*** Opening of Stored data ***
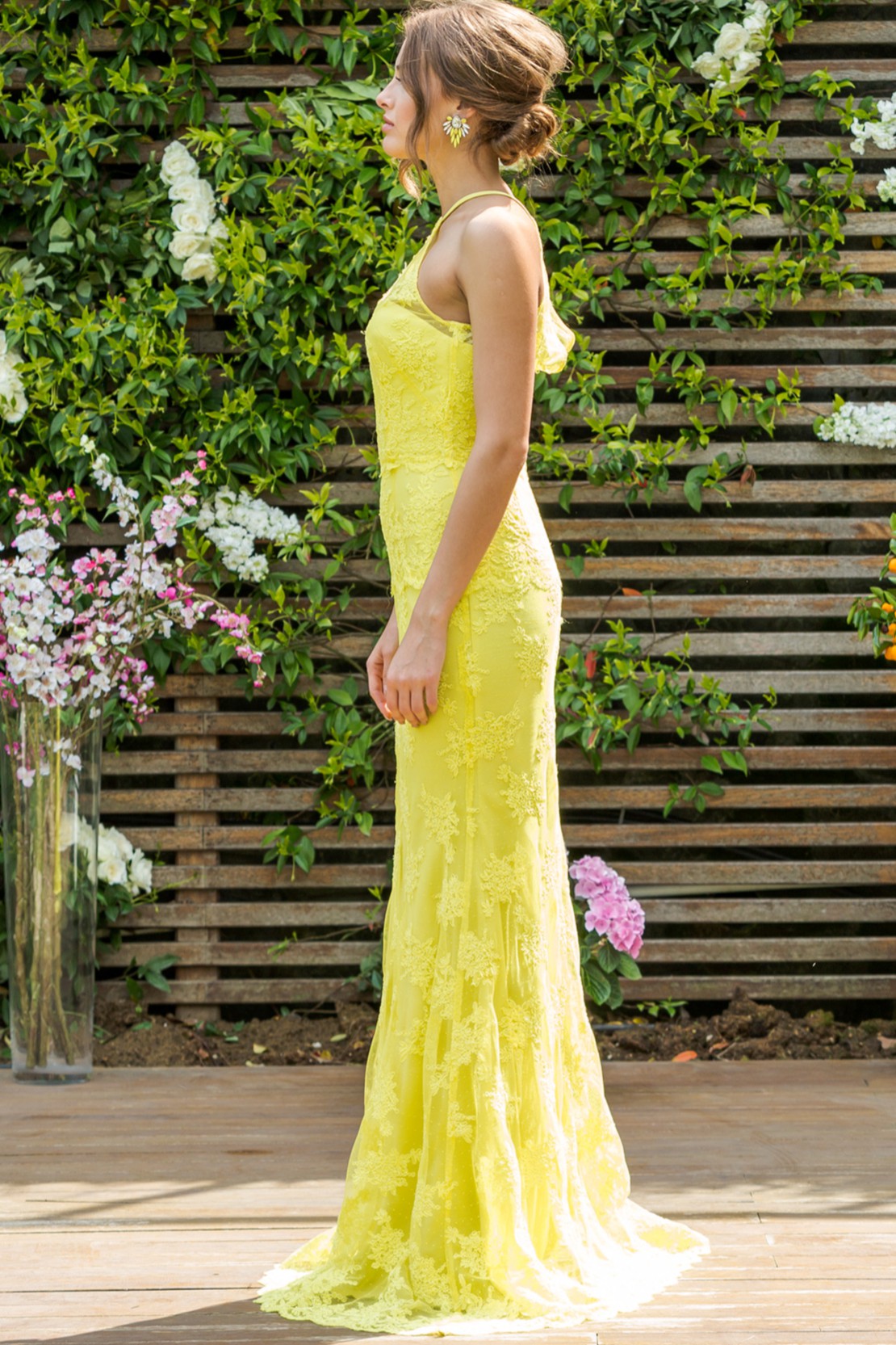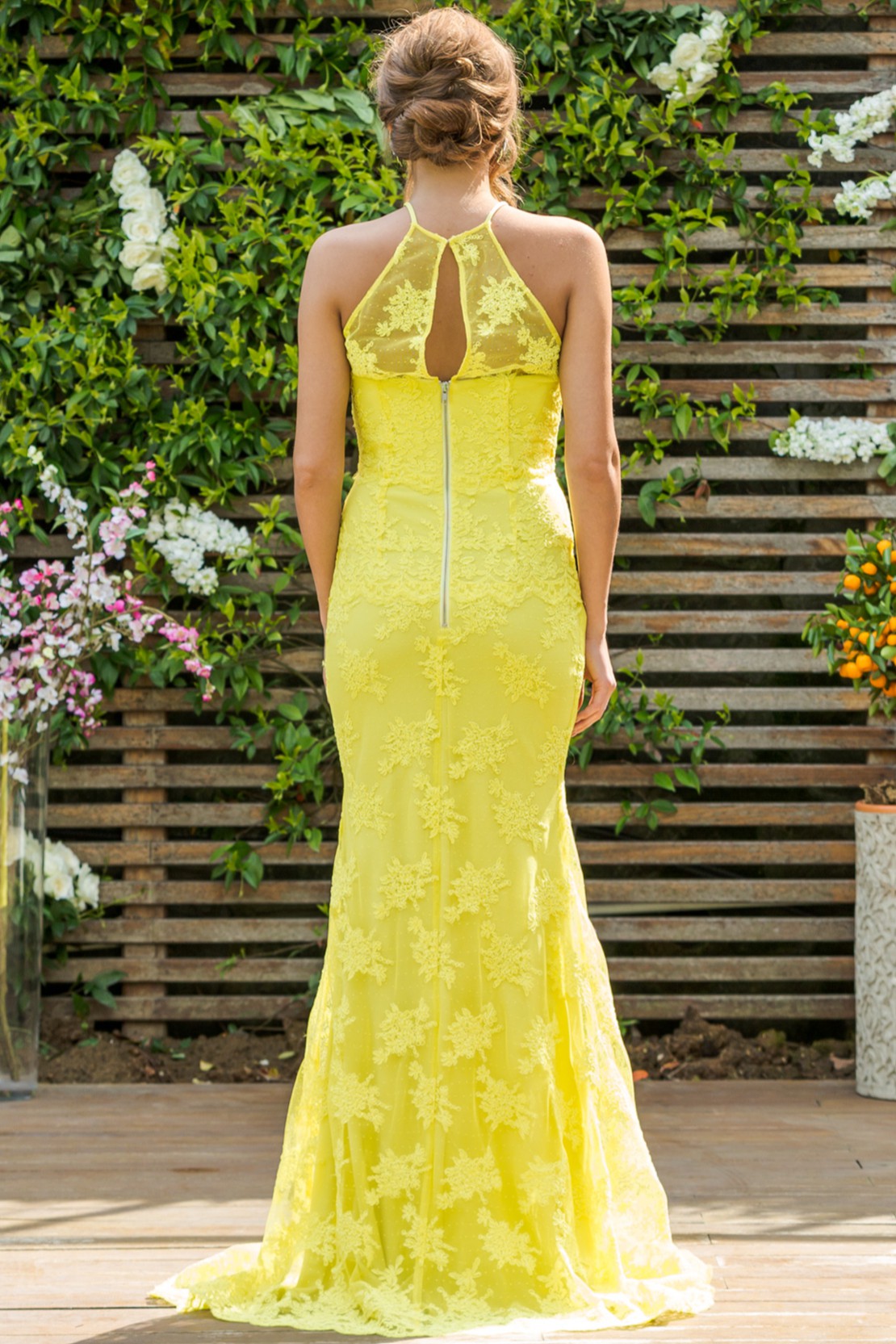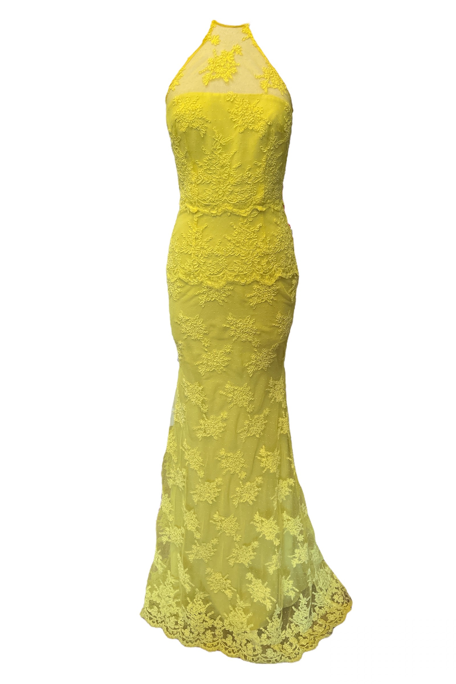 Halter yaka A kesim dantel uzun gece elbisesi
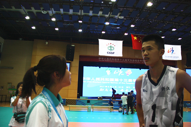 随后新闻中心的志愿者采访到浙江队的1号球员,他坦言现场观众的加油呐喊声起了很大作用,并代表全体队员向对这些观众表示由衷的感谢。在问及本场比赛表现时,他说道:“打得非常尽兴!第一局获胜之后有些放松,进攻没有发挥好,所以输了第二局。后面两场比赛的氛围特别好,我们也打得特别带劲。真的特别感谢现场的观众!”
*** Close of Stored data ***
*** Opening of Stored data ***
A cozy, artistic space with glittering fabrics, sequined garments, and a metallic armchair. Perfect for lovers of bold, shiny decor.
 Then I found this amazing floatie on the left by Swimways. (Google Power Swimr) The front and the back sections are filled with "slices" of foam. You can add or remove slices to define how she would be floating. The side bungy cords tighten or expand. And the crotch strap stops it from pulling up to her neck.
*** Close of Stored data ***
__What the task requires__.
Copy out each line of the material that holds the word "with".

__Solution below__.
A cozy, artistic space with glittering fabrics, sequined garments, and a metallic armchair. Perfect for lovers of bold, shiny decor.
 Then I found this amazing floatie on the left by Swimways. (Google Power Swimr) The front and the back sections are filled with "slices" of foam. You can add or remove slices to define how she would be floating. The side bungy cords tighten or expand. And the crotch strap stops it from pulling up to her neck.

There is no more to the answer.